Software, we’ve seen, is a thing of layers, with each layer translating information and processes for the layers above and below. At the bottom of this stack of layers sits the machine with its pure binary ones and zeros. At the top are the human beings, building and using these layers. Simonyi’s Intentional Software, at heart, simply proposes one more layer between the machine and us.
Software’s layers are its essence, and they are what drive progress in the field, but they have a persistent weakness. They leak. For instance, users of many versions of Microsoft Windows are wearily familiar with the phenomenon of the Blue Screen of Death. You are working away inside some software application like a Web browser or Microsoft Word, and suddenly, out of nowhere, your screen turns blue and you see some white text on it that reads something like this:
A fatal exception 0E has occurred at
The current application will be terminated.

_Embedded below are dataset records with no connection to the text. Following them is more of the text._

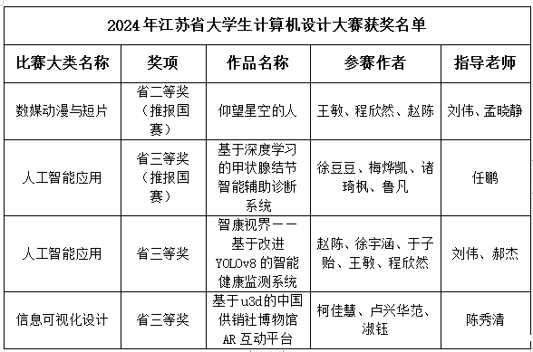 “新大陆杯”2024年江苏省大学生计算机设计大赛暨2024年中国大学生计算机设计大赛江苏省级赛决赛近日在江苏海洋大学落下帷幕,我校4件作品分别斩获省赛二等奖1项、三等奖3项,其中2件作品将在8月参加国赛角逐。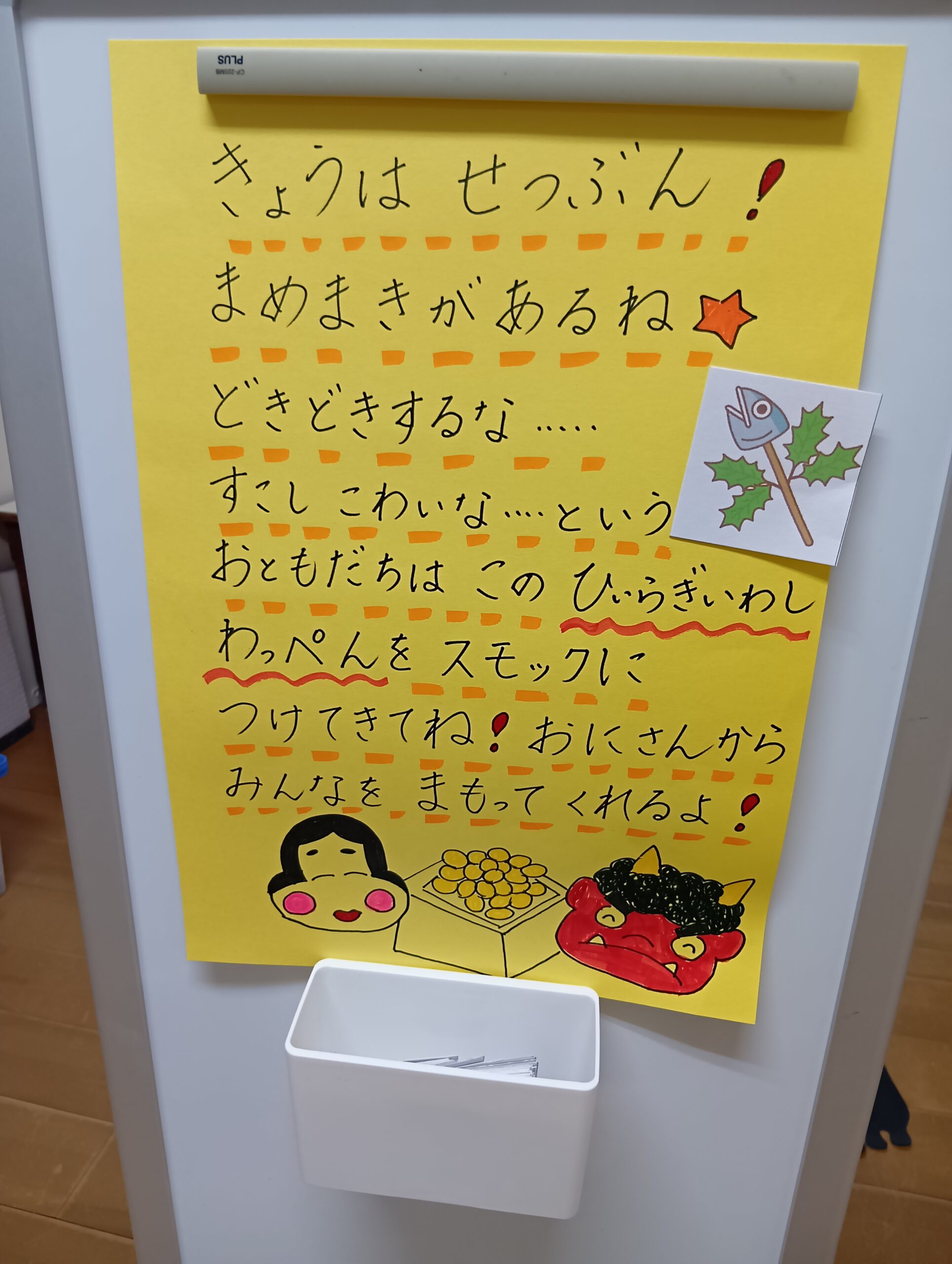 おにさんがこわいおともだちはこのバッチをつけるようです。きのうまでいらないよと言っていた子も、3つつけていました。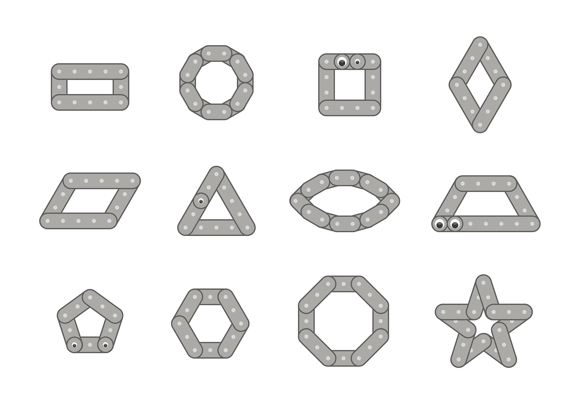 • No komplektā iekļautajām detaļām var salikt burtus, ciparus, ģeometriskas figūras, dzīvniekus,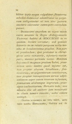 Credit: Joannis Petri Frank Opuscula posthuma : videlicet: 1. Dissertatio de clavis pedum caute secandis, 2. Oratio academica de vita brevi arte vero longa Hippocratis, 3. Interpretationum clinicarum fragmentum, 4. Epitomes de curandis hominum morbis pars / ab Josepho filio, nunc primum edita. Source: Wellcome Collection.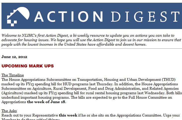 Action Digest helps supporters see the whole picture of housing advocacy, from upcoming mark ups to pending bills to opportunities to thank lawmakers for advancing good low income housing policy. The first edition of the Digest received lots of praise from our members. We hope you’ll sign up to receive the Action Digest and our other emails, and let us know what you think of this new resource.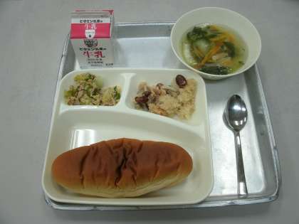 今日の給食は、金時豆の中華おこわ、中華スープ、ツナと野菜のオイスターソースいため、黒糖パン、牛乳です。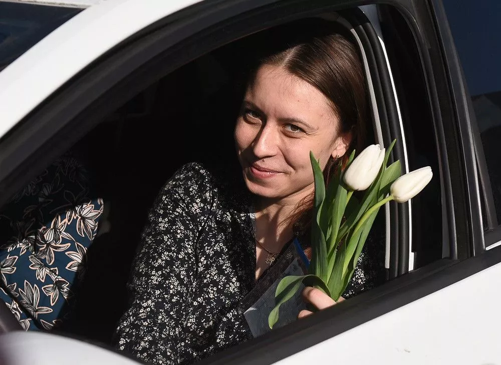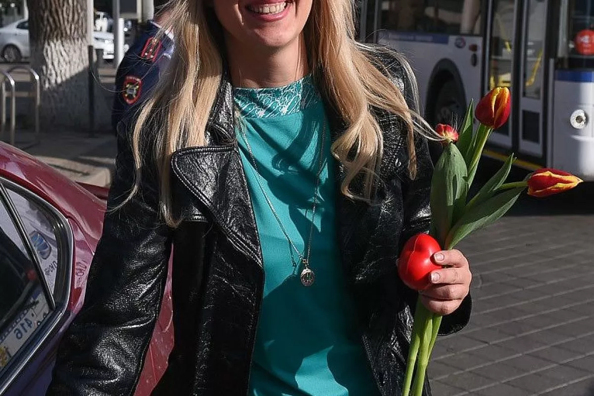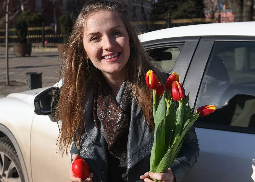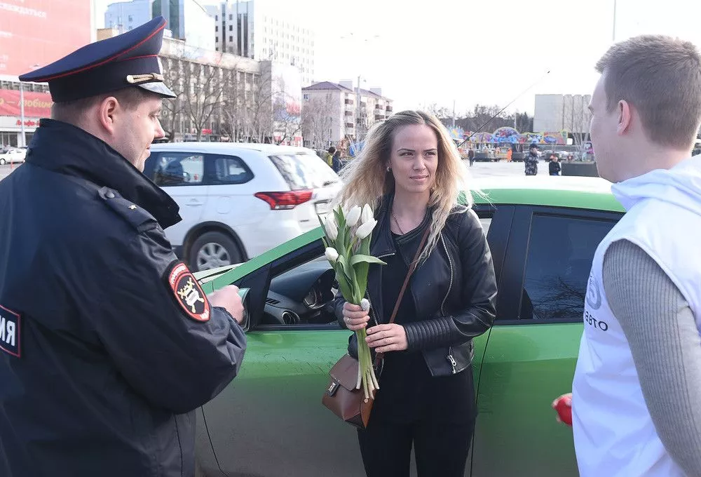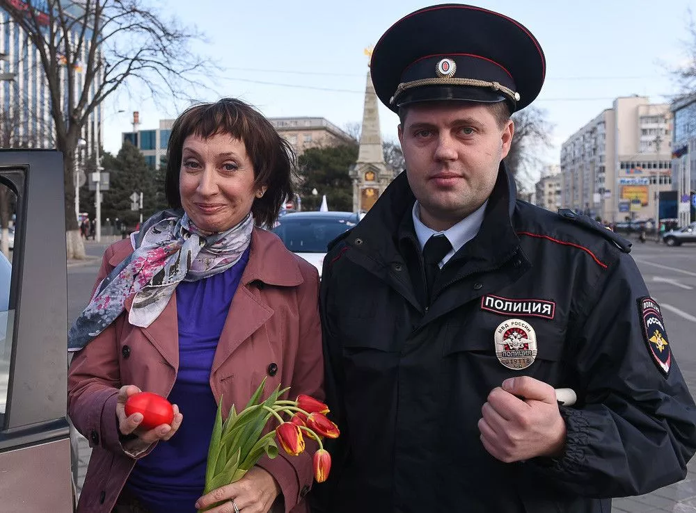 Сотрудники ГИБДД поздравляют краснодарских дам с наступающим праздником. Сегодня поздравили более 100 женщин. Фото Михаила Ступина.

Eyeing the screen’s monochrome look and the blockish typeface, veteran users may sense that they have been flung backward in computer time. Some may even understand that the message’s alarming reference to a “fatal exception” means that the program has encountered a bug it cannot recover from and has crashed, or that the cryptic hexadecimal (base 16) numbers describe the exact location in the computer’s memory where the crash took place. None of the information is of any value to most users. The comfortable, familiar interface of the application they were using has vanished; a deeper layer of abstraction–in this case, the Windows “shell” or lower-level control program–has erupted like a slanted layer of bedrock poking up through more recent geological strata and into the sunlight.

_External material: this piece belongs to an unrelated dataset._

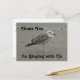 Set your house rental apart from your competition with this inexpensive guest thank you. This postcard features a lone seagull standing on the warm sand that is dotted with small pebbles and shells. A photo of this beach bird was digitally enhanced to resemble a painted seagull. "Thank you for staying with us" as well as the text on the back can easily and quickly be customised. There is plenty of room on the back of this postcard to include your home name, location, or your name.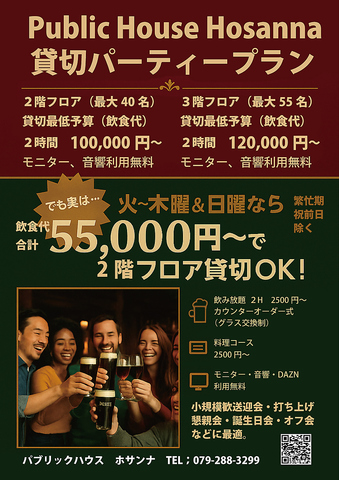 2次会や3次会にピッタリのPartyコースは計4品1000円(税込)~、当店人気メニューや英国の伝統料理が楽しめるPartyコースもございます。飲放のドリンクは、ソフトドリンクやノンアルコールカクテルが15種類以上!ノンアルコールビールもございますので、お酒を飲めない方もお楽しみいただけます♪ぜひ女子会や二次会にも最適な「ホサンナ」へ

(Perplexing as the Blue Screen of Death is, it actually represented a great advance from earlier versions of Windows since it sometimes allows the user to shut down the offending program and continue working. Before the blue screen, the crash of one Windows program almost always took down the entire machine and all its programs.)

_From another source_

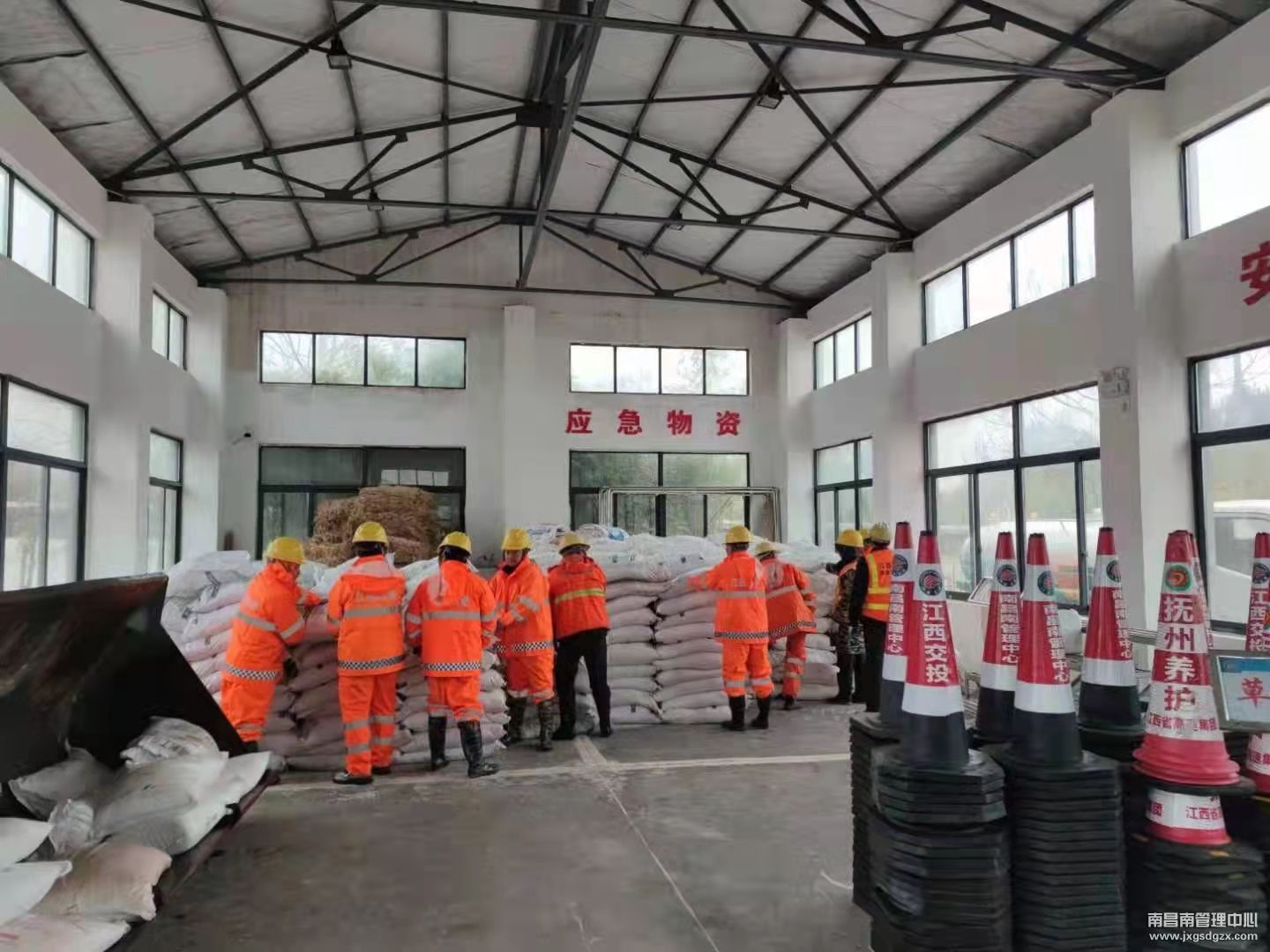 为积极应对低温冰冻雨雪天气,中心各单位提前梳理仓库库存,对不足或使用量大的物资进行再核查、再补充。二是后勤保障物资备好备足,采购就绪,使在一线抗冰保畅人员即使在风雪中也能感受到温暖。目前,中心养护所储备融雪剂188.9吨,标志牌371块,安全锥8324个。

In an essay titled “The Law of Leaky Abstractions,” Joel Spolsky wrote, “All non-trivial abstractions, to some degree, are leaky. Abstractions fail. Sometimes a little, sometimes a lot. There’s leakage. Things go wrong.” For users this means that sometimes your computer behaves in bizarre, perplexing ways, and sometimes you will want to, as Mitch Kapor said in his Software Design Manifesto , throw it out the window. For programmers it means that new tools and ideas that bundle up some bit of low-level computing complexity and package it in a new, easier-to-manipulate abstraction are great, but only until they break. Then all that hidden complexity leaks back into their work. In theory, the handy new top layer allows programmers to forget about the mess below it; in practice, the programmer still needs to understand that mess, because eventually he is going to land in it. Spolsky wrote:
Abstractions do not really simplify our lives as much as they were meant to. … The law of leaky abstractions means that whenever somebody comes up with a wizzy new code-generation tool that is supposed to make us all ever-so-efficient, you hear a lot of people saying, “Learn how to do it manually first, then use the wizzy tool to save time.” Code-generation tools that pretend to abstract out something, like all abstractions, leak, and the only way to deal with the leaks competently is to learn about how the abstractions work and what they are abstracting. So the abstractions save us time working, but they don’t save us time learning. … And all this means that paradoxically, even as we have higher and higher level programming tools with better and better abstractions, becoming a proficient programmer is getting harder and harder.
So even though “the abstractions we’ve created over the years do allow us to deal with new orders of complexity in software development that we didn’t have to deal with ten or fifteen years ago,” and even though these tools “let us get a lot of work done incredibly quickly,” Spolsky wrote, “suddenly one day we need to figure out a problem where the abstraction leaked, and it takes two weeks.”
The Law of Leaky Abstractions explains why so many programmers I’ve talked to roll their eyes skeptically when they hear descriptions of Intentional Programming or other similar ideas for transcending software’s complexity. It’s not that they wouldn’t welcome taking another step up the abstraction ladder; but they fear that no matter how high they climb on that ladder, they will always have to run up and down it more than they’d like–and the taller it becomes, the longer the trip.